Information provided =
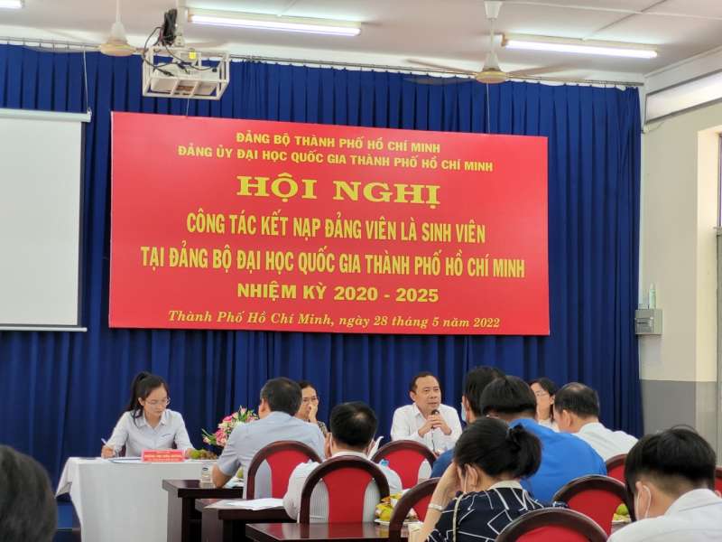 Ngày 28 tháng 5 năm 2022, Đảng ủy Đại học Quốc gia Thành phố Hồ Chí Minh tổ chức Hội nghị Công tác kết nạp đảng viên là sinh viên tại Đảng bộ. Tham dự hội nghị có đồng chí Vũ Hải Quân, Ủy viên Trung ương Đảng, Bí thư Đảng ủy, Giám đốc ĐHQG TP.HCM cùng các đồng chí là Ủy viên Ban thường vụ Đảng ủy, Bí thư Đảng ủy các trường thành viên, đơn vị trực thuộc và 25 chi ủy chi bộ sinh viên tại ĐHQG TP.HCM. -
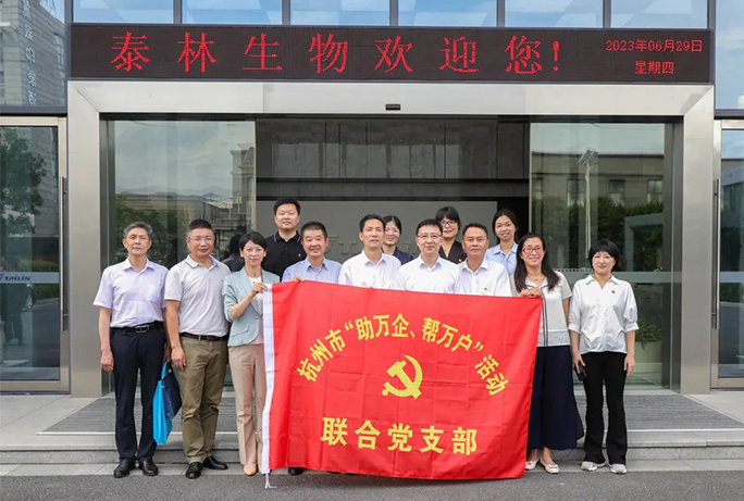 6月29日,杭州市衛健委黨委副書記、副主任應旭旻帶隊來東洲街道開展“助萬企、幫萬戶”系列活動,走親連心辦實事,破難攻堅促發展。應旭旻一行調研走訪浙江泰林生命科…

* * *

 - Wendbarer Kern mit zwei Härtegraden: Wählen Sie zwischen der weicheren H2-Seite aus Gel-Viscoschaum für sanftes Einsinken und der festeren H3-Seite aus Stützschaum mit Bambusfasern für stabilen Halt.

...

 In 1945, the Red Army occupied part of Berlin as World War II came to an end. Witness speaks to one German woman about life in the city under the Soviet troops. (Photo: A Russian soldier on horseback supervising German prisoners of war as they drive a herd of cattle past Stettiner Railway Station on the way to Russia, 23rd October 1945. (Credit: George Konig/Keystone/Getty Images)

Directions = What should come back is an exact copy of the lines above from the line with "Ngày 28 tháng" to the line with "6月29日,杭州市衛健委黨委", both included, minus the pictures.

Task output =
 Ngày 28 tháng 5 năm 2022, Đảng ủy Đại học Quốc gia Thành phố Hồ Chí Minh tổ chức Hội nghị Công tác kết nạp đảng viên là sinh viên tại Đảng bộ. Tham dự hội nghị có đồng chí Vũ Hải Quân, Ủy viên Trung ương Đảng, Bí thư Đảng ủy, Giám đốc ĐHQG TP.HCM cùng các đồng chí là Ủy viên Ban thường vụ Đảng ủy, Bí thư Đảng ủy các trường thành viên, đơn vị trực thuộc và 25 chi ủy chi bộ sinh viên tại ĐHQG TP.HCM. -
 6月29日,杭州市衛健委黨委副書記、副主任應旭旻帶隊來東洲街道開展“助萬企、幫萬戶”系列活動,走親連心辦實事,破難攻堅促發展。應旭旻一行調研走訪浙江泰林生命科…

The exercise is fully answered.